You ever shout so hard the rain listens?
There’s a kind of thunder only kids can make. Not the sky kind — the barefoot, orange-shirted, soaked-to-the-bone kind. The kind that leaps from the middle of the street in a swirl of chalk spirals and cape rips. He’s airborne here, mid-yell, mid-flight, in a world that still believes puddles might hide portals. The umbrella behind him gave up hours ago, flung into the wind like it saw the storm coming and opted out.
And there’s that paper boat — drifting past like it knows it was never the hero of this story.
This isn’t joy, not exactly. It’s louder than joy. It’s declaration. It’s resistance in denim and wet feet. It’s the defiance of a child declaring: I am still here, and maybe always will be, no matter how many grown-ups try to mop him into memory.

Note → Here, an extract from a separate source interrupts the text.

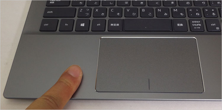 BackSpaceと¥のキーが小さいのでやや扱いづらいのがデメリット。カーソルキーに隣接するpg upやpg dnも位置が邪魔くさい。電源ボタンもここにあるメリットはない。オプションで指紋認証リーダーが追加できるが、その場合は電源ボタンと統合型になるそうだ。

↳ We’ve seen this boy before. He’s the one who caught lightning in a juice box. Who mapped out entire cities in sidewalk chalk. Who once tried to outrun the sunset and nearly made it.
We owe him the sky.
Paperstorm Street Cake
Ingredients:
200g (1 ⅔ cups) plain flour
100g (½ cup) brown sugar
2 tsp baking powder
½ tsp cinnamon
¼ tsp salt
125ml (½ cup) melted butter
2 eggs
150ml (⅔ cup) buttermilk or yoghurt
1 tsp vanilla
Zest of 1 orange
1 handful of crushed chalky meringue or white chocolate chunks
Optional: edible gold flakes, for “puddle shimmer”
Method:
Preheat oven to 175°C (350°F). Line a loaf or small cake tin.
Whisk flour, sugar, baking powder, salt, and cinnamon.
In another bowl, mix eggs, melted butter, vanilla, zest, and buttermilk.
Combine wet and dry mixtures. Fold in chalky bits.
Pour into tin, bake 30–35 min until golden and springy.
Cool while it rains. Slice when the sky clears a little.
To eat: barefoot, with cape on. Preferably in the middle of a chalked sidewalk. Let crumbs fall like lightning seeds.